** Aim of the exercise **
Every line from the start of the data through the line containing "積極的一面是,在2016年和" should be retyped exactly; the pictures should not.

** Stored data **
..........

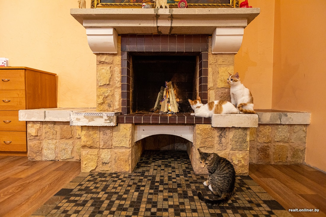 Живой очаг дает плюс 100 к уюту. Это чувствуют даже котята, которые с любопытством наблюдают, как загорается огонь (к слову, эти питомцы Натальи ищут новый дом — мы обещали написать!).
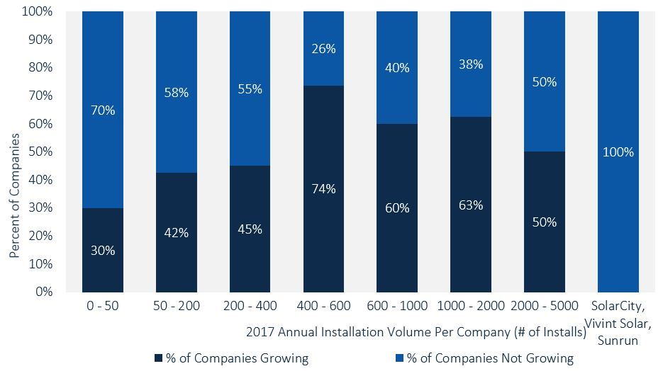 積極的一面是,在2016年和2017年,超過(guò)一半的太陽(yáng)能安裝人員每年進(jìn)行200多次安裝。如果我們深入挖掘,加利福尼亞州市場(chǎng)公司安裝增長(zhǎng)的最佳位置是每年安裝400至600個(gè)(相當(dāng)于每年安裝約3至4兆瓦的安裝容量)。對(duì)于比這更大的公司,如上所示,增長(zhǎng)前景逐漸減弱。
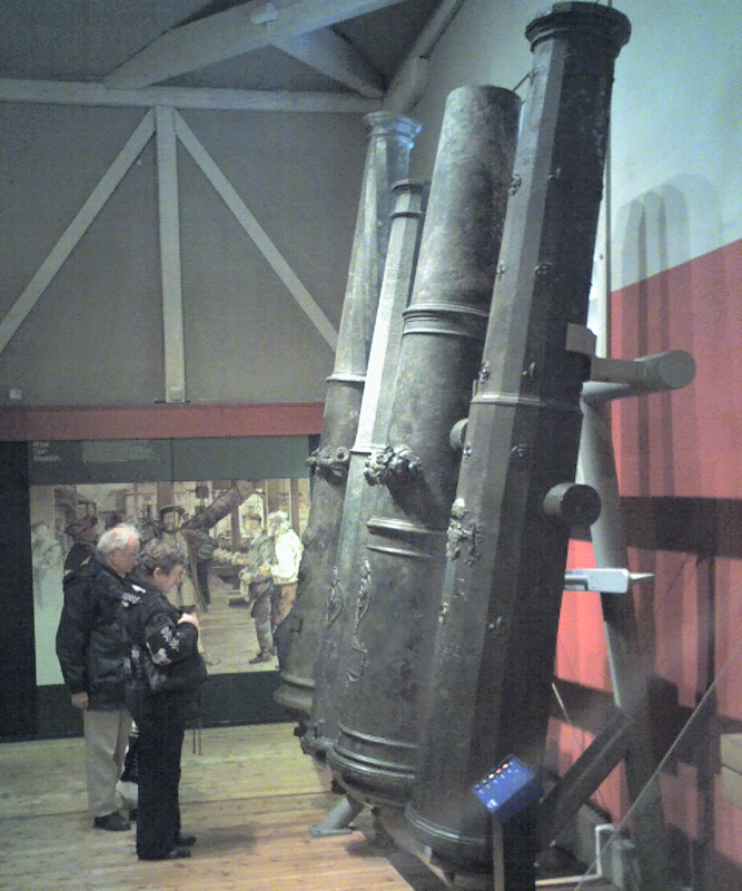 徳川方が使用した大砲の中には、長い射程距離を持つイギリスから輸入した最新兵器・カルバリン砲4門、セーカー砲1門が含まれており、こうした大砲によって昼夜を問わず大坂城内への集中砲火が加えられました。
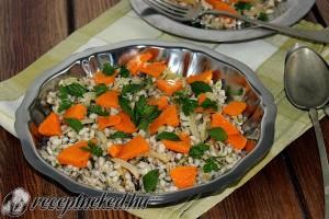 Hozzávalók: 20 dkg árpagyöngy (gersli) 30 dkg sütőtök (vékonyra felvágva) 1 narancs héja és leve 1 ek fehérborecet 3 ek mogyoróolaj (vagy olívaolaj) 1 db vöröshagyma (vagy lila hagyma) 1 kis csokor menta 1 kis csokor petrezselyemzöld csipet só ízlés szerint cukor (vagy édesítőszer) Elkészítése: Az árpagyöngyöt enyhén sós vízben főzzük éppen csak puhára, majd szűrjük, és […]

..........

** Response box **
 Живой очаг дает плюс 100 к уюту. Это чувствуют даже котята, которые с любопытством наблюдают, как загорается огонь (к слову, эти питомцы Натальи ищут новый дом — мы обещали написать!).
 積極的一面是,在2016年和2017年,超過(guò)一半的太陽(yáng)能安裝人員每年進(jìn)行200多次安裝。如果我們深入挖掘,加利福尼亞州市場(chǎng)公司安裝增長(zhǎng)的最佳位置是每年安裝400至600個(gè)(相當(dāng)于每年安裝約3至4兆瓦的安裝容量)。對(duì)于比這更大的公司,如上所示,增長(zhǎng)前景逐漸減弱。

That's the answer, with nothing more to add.